Friday, April 23, 2010

The Most Awesomest Thing Ever (dot com)

I never thought that in my life I would be forced to decide between crayons and vikings. And yet, here I am....


My friend introduced me to this the other day, and it's quite fun. From the mostawesomestthingever.com "about" page:
"By endlessly pitting two things against each other, we’ve created a stage set for destruction. You will battle, winners will emerge. Only the strongest shall reach the hallowed halls of the Most Awesomest."
The thing is, by pitting two completely random and unrelated things together, you can actually decide a winner. Quickly. And justify it. Industrial Revolution vs. Burger King's Whopper? Industrial Revolution wins, hands down. Why? Because you couldn't have a whopper without the socioecomonic conditions set forth by mechanization. Makes sense, right?

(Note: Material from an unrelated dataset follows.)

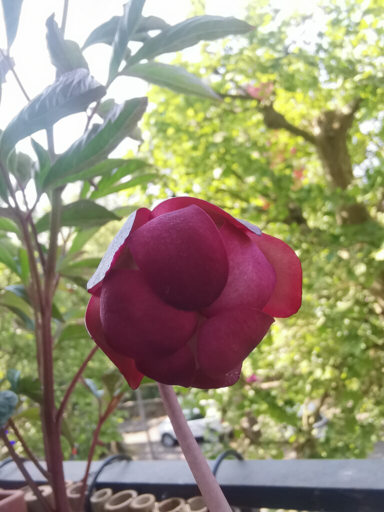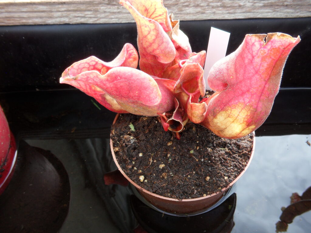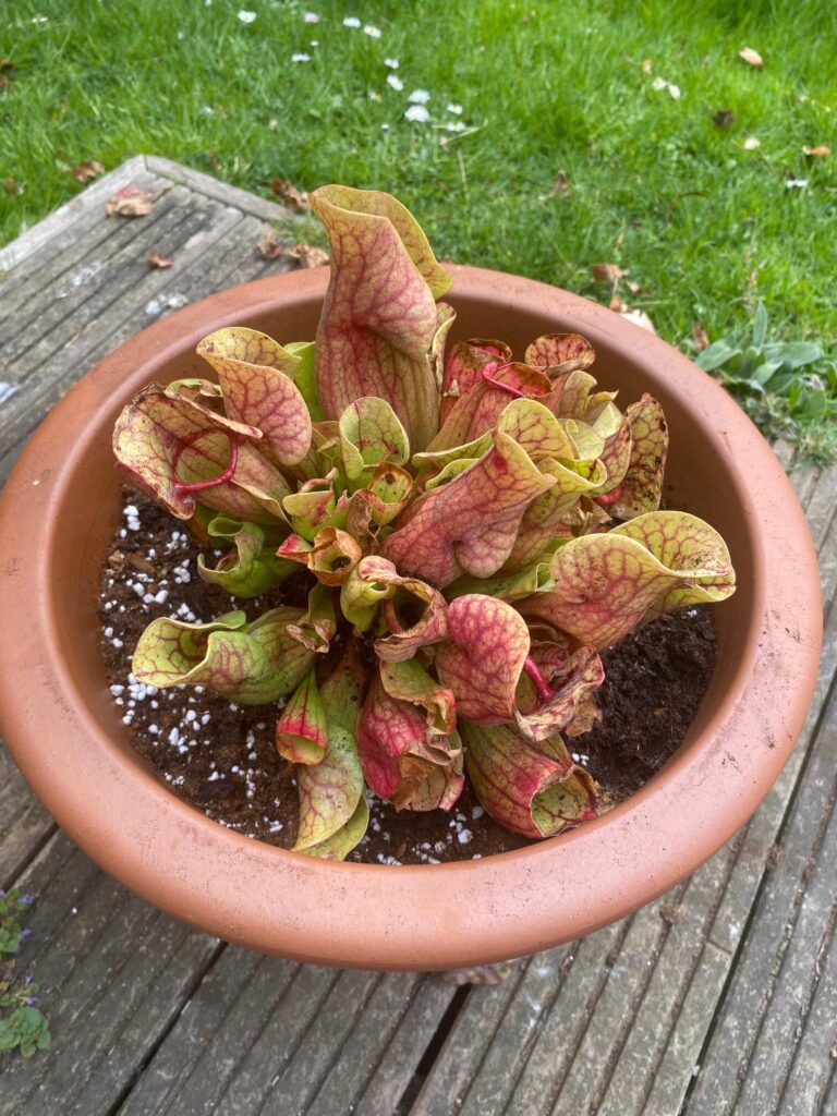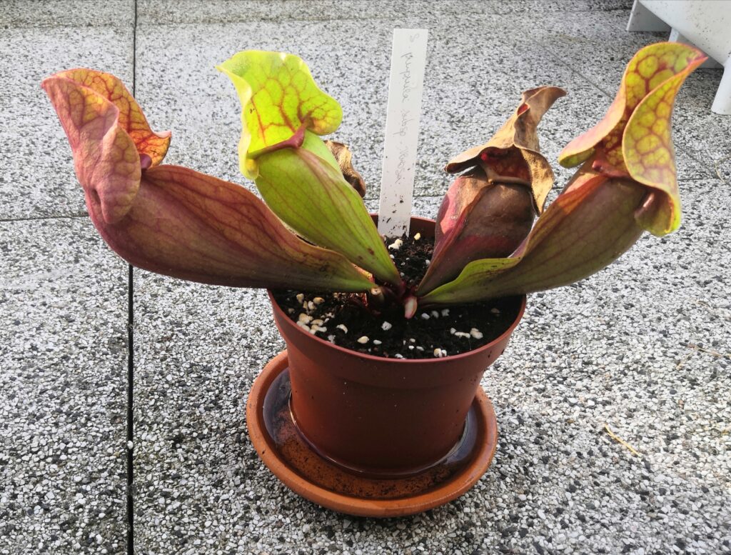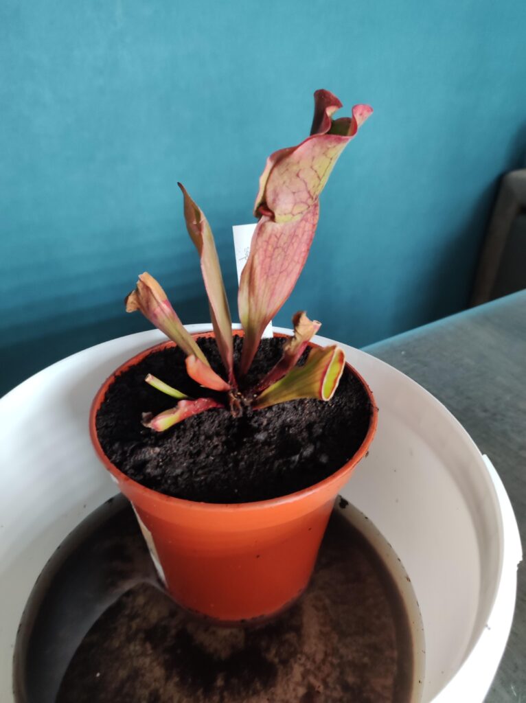 Un saracenia ‘purpura’ en début de floraison et des pièges rougeâtre

Sure, it's just a game developed by some nerdy programmers at a creative agency. But hidden behind its frivolity is something very interesting. Set in front of a burning, post-apocalyptic urban street corner, you are told to battle between two arbitrary things. Larry Bird vs. Edamame; Prada vs. Nutter Butter; Batteries vs. Portsmouth, NH. The design of the website makes your decision over which one wins epic and urgent, blowing the loser into a fiery oblivion. One prevails, and one is destroyed. One can only exist without the other. A binary opposition; either a 1 or a 0.

Computers operate in binary code, but the world doesn't. That's an important distinction. Yet I've felt that in the information society, things are increasingly presented to us as such, deeply embedded in an ideology of mutual exclusion. Regulation vs. Deregulation; Universal Health Care vs. Privatized Health Care; Socialism vs. Capitalism; Religion vs. Atheism; Gay Marriage vs. Heterosexual Marriage; Red vs. Blue. Pundits shape the modern world as a field of mutually exclusive phenomena, and this, I think, is "a stage set for destruction." We are battling, and winners will emerge. But in a continuum of experience artificially packaged as unrelated, dichotemous constructs, how can we decide a winner?

It's also interesting to note that the Internet is ranked the #1 most awesomest thing... just ahead of Life and Oxygen. Now that's pretty yaka-wow.